Supplied material |
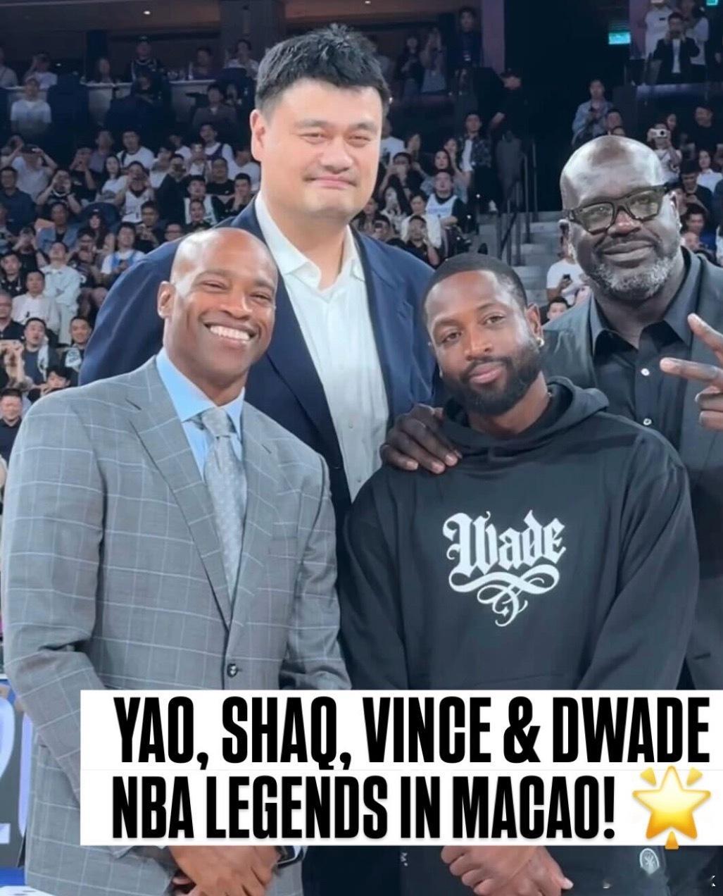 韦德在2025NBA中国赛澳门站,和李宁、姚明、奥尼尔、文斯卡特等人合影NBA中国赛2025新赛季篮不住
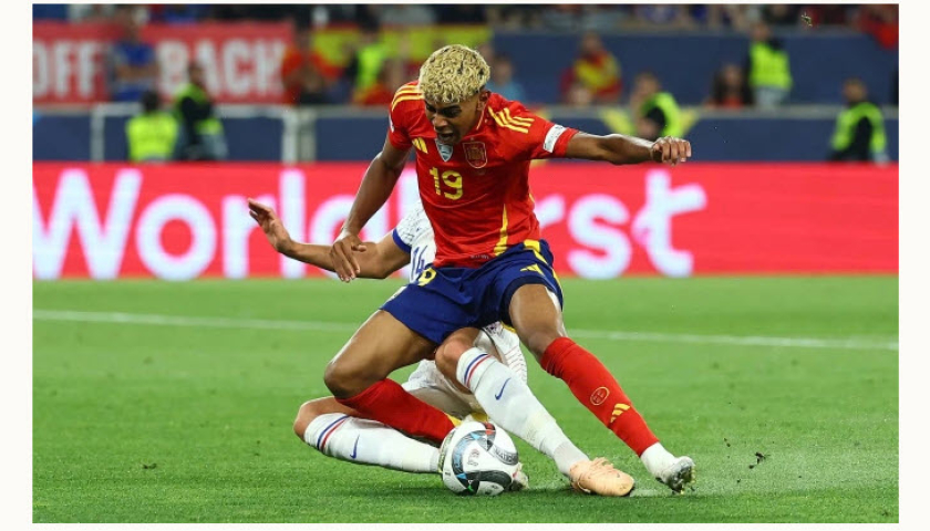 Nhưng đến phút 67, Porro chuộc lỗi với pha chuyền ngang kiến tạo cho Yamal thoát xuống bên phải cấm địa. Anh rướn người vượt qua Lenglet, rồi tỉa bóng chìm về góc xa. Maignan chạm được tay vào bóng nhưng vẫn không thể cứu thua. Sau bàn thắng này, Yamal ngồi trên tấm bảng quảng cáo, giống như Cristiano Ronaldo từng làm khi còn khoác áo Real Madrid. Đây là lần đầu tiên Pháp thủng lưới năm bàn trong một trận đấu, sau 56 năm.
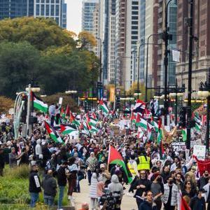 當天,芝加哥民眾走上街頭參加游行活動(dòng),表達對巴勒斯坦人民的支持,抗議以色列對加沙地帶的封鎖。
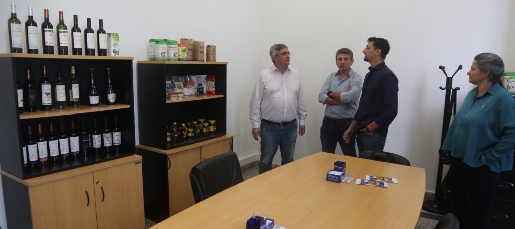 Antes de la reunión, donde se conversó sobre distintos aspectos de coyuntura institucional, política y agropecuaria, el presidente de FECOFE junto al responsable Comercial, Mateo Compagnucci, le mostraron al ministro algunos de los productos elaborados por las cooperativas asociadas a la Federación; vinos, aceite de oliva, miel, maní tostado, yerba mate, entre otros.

Activity | Print, please, exactly the lines from the one holding "Nhưng đến phút" through the final line of the data, both included, while leaving out each picture.

Answer below |
 Nhưng đến phút 67, Porro chuộc lỗi với pha chuyền ngang kiến tạo cho Yamal thoát xuống bên phải cấm địa. Anh rướn người vượt qua Lenglet, rồi tỉa bóng chìm về góc xa. Maignan chạm được tay vào bóng nhưng vẫn không thể cứu thua. Sau bàn thắng này, Yamal ngồi trên tấm bảng quảng cáo, giống như Cristiano Ronaldo từng làm khi còn khoác áo Real Madrid. Đây là lần đầu tiên Pháp thủng lưới năm bàn trong một trận đấu, sau 56 năm.
 當天,芝加哥民眾走上街頭參加游行活動(dòng),表達對巴勒斯坦人民的支持,抗議以色列對加沙地帶的封鎖。
 Antes de la reunión, donde se conversó sobre distintos aspectos de coyuntura institucional, política y agropecuaria, el presidente de FECOFE junto al responsable Comercial, Mateo Compagnucci, le mostraron al ministro algunos de los productos elaborados por las cooperativas asociadas a la Federación; vinos, aceite de oliva, miel, maní tostado, yerba mate, entre otros.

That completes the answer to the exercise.